Offer internships to students early in their education. By the time a student is a junior or senior in college, his or her educational path is largely set. The costs for a change in major can become prohibitive. If you reach out to students in their first or second year and expose them to opportunities to make the food supply safer and to better feeding the world, they have the option of choosing food science and maybe eventually becoming those needed food safety professionals. The research program I run for SmartWash Solutions provides opportunities for up to 12 students to assist with the design and execution of cutting-edge research in food safety for the fresh cut produce industry. With a little training, these students can learn to operate pilot plant equipment and learn to analyze samples. These young, enthusiastic students enjoy the opportunity to work in this team environment. The internships are vastly superior to jobs working in fast food restaurants in terms of educational value. These students allow me to accomplish much more than I can alone. Interns can become great regular employees, although it may not occur immediately due to their needs to finish their educations.
Mentoring all those who are coming along behind you is another way to increase the pool and to find the next generation of food safety professionals.
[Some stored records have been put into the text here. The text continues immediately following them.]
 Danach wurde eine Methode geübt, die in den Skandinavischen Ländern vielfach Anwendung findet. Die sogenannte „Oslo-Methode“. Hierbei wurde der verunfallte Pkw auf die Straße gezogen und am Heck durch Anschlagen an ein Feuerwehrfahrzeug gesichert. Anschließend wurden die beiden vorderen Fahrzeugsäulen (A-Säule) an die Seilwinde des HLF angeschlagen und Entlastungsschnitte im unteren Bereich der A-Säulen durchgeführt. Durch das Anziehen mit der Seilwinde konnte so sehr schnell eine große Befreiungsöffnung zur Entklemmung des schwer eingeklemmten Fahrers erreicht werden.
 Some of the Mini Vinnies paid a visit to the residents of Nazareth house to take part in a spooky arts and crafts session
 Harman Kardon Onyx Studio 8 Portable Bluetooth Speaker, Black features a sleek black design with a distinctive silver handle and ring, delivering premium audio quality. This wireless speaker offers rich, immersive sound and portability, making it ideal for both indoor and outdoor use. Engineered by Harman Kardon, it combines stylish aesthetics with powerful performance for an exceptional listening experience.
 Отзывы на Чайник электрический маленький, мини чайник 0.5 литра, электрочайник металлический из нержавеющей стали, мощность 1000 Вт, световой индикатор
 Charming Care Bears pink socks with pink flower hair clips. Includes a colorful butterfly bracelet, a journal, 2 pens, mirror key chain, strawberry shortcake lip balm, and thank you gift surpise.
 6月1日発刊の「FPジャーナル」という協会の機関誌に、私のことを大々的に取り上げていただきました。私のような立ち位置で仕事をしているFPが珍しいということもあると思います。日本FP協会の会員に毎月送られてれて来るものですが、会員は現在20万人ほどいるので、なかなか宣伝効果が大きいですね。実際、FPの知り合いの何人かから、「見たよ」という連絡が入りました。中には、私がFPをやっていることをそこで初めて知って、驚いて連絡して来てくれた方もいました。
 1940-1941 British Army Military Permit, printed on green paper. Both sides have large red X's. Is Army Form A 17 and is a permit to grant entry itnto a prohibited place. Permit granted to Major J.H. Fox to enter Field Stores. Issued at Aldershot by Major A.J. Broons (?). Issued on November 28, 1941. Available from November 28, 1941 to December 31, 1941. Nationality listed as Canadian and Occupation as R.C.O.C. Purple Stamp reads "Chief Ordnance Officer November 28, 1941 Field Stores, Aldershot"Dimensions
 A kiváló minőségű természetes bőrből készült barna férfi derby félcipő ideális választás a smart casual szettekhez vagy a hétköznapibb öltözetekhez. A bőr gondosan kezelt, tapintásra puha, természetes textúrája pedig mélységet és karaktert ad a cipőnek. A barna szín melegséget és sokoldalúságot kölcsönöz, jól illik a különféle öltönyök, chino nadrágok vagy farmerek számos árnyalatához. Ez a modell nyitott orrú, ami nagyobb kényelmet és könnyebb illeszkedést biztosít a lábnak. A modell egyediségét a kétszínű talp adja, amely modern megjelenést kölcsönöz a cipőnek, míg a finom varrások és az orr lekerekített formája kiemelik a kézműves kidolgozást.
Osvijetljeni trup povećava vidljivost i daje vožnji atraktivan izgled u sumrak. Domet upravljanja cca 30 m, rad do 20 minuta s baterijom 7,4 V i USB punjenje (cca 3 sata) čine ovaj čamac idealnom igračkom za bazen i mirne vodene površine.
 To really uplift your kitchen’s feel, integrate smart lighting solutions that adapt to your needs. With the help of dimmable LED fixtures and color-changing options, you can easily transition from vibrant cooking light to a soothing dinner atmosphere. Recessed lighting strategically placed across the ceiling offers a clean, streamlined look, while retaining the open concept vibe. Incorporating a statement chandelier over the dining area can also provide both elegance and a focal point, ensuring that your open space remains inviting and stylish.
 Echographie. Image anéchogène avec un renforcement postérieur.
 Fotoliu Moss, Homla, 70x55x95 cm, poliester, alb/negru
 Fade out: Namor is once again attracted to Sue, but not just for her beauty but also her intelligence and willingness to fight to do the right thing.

Take the time to explain why you have asked for things and explain the importance of tasks. Expose people to the critical thinking and problem solving process of enhancing food safety. Let them see how food safety makes a difference.
There is little doubt that food safety professionals are needed today and will be needed tomorrow. Turnover is as inevitable as death, and we are going to need new champions of food safety. Some might argue that the need is greater today than ever before. Others would argue that detection and reporting have just made the problems appear bigger with the advent of the powerful molecular biology tools being applied today. In either case, there have certainly been some recent outbreaks that have made headlines including those involving romaine lettuce. Additionally, FSMA is focusing more attention on food safety and mandating that people with specific skills perform various required tasks. Clearly, the need for food safety professionals is ongoing.
Great article. However, we must also consider that “food safety professionals” in context of small/very small manufacturing realities are often regular people that have found themselves in these positions and have had to learn all it entails through courses in HACCP, SQF or the like. Just because these professionals don’t have a degree (something that almost all QA managers I’ve met actually don’t have) doesn’t make them less knowledgeable. Sometimes hands-on experience in the process and in the grind of a day-to-day operation is way more effective at recognizing hazards.